В ту же секунду он вывернул руль. Его внимание привлекла автозаправочная станция. Им повезло, на заправке никого не было. Роберт быстро принял решение. Машина остановилась с легкостью спортивной модели. К этому служащему в ярко-голубом комбинезоне он пока не станет обращаться.
— Расскажи, — настаивал он.
У нее был отрешенный взгляд, совсем как у душевнобольной.
— Она лежала в холодном помещении. На ледяной постели.

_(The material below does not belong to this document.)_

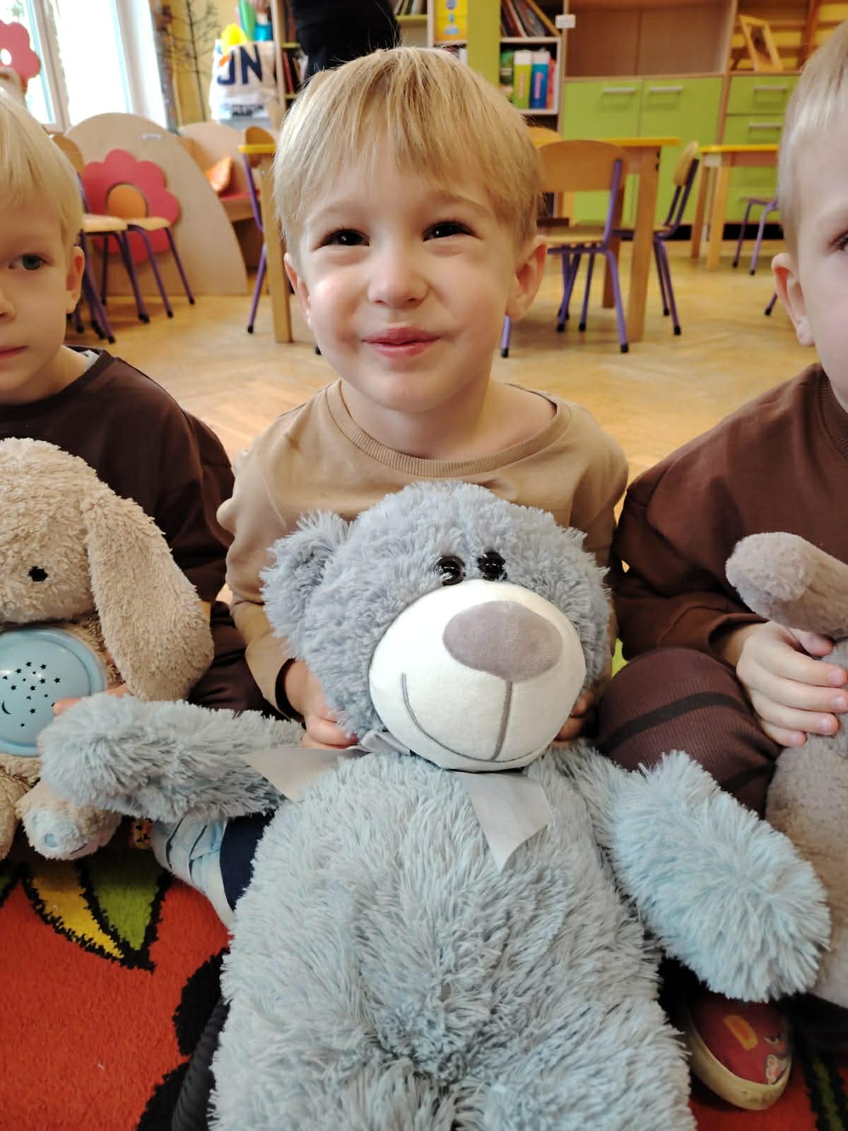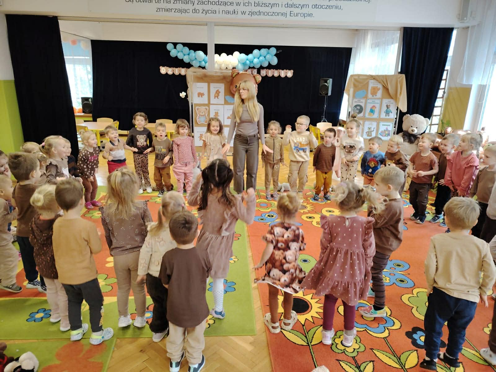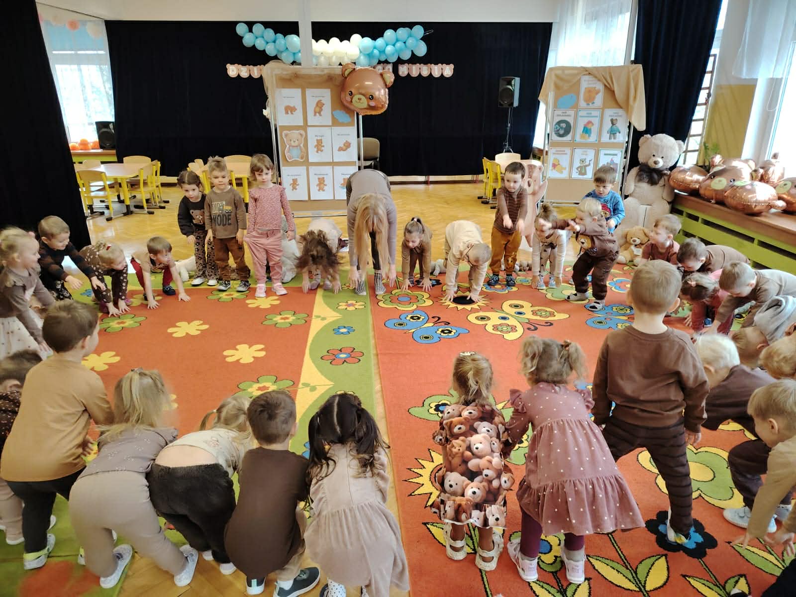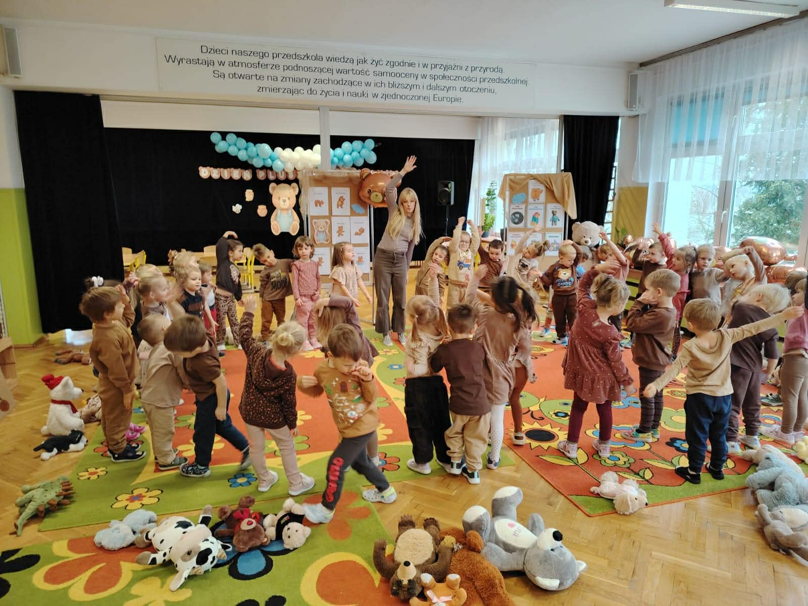 23 listopada dzieci z grup II i VII obchodziły w przedszkolu Święto Pluszowego Misia. Tego dnia przedszkolaki przyniosły swoje ukochane maskotki, które towarzyszyły im przez całe wydarzenie. Spotkanie rozpoczęło się niezwykle – odwiedził nas ogromny pluszowy Miś, zachęcając dzieci do wspólnej zabawy. Wśród przyniesionych maskotek można było podziwiać misie różnej wielkości i w najrozmaitszych kolorach, a każdy z nich był jedyny w swoim rodzaju. Podczas tego radosnego dnia na dzieci czekała cała masa atrakcji. Wspólne tańce i zabawy z misiami, poznawanie historii tego wyjątkowego święta oraz słuchanie znanych „misiowych” piosenek dostarczyło wszystkim wiele radości. Finałem spotkania była wspólna praca plastyczna. Dzień Misia upłynął w atmosferze radości i świetnej zabawy. Dzieci były zachwycone, że mogły tak dużo czasu spędzić ze swoimi pluszakami i zaprezentować je kolegom oraz koleżankom. W trakcie licznych zabaw przy misiowych przebojach wspólnie uznały, że pluszowy miś to najlepszy przyjaciel każdego dziecka

В эту секунду Роберт встретился глазами с грузным заправщиком, который подошел к переднему бамперу. Он рванулся с места, выскочил из машины и захлопнул за собой дверцу. Непринужденно расхаживая в расстегнутой до пояса рубашке, он давал инструкции:
— Проверьте также уровень масла.
Роберт не раз встречал мать Магды. Она была коренная пруссачка, вдова чешского еврея. После войны вместе с дочкой эмигрировала в Канаду. Хрупкого сложения, блондинка, но при этом совсем не такая, как ее дочь. Ее голубые глаза сразу все увидели: Магда любит европейца, вскоре она навсегда исчезнет из виду. При прощании трогательно договаривались: очень скоро, через год, ну, может быть, через три мать переедет жить к своей замужней дочери, на хуторе в Севеннах они оборудуют для нее отдельный домик. Потом, через два года, приехав на несколько недель погостить, трогательная маленькая мама ходила вокруг и оценивала про себя размеры бывшего сарая, живописные обломки каменной породы и растущие вокруг кусты тутовника, напоминавшие ей прошлое.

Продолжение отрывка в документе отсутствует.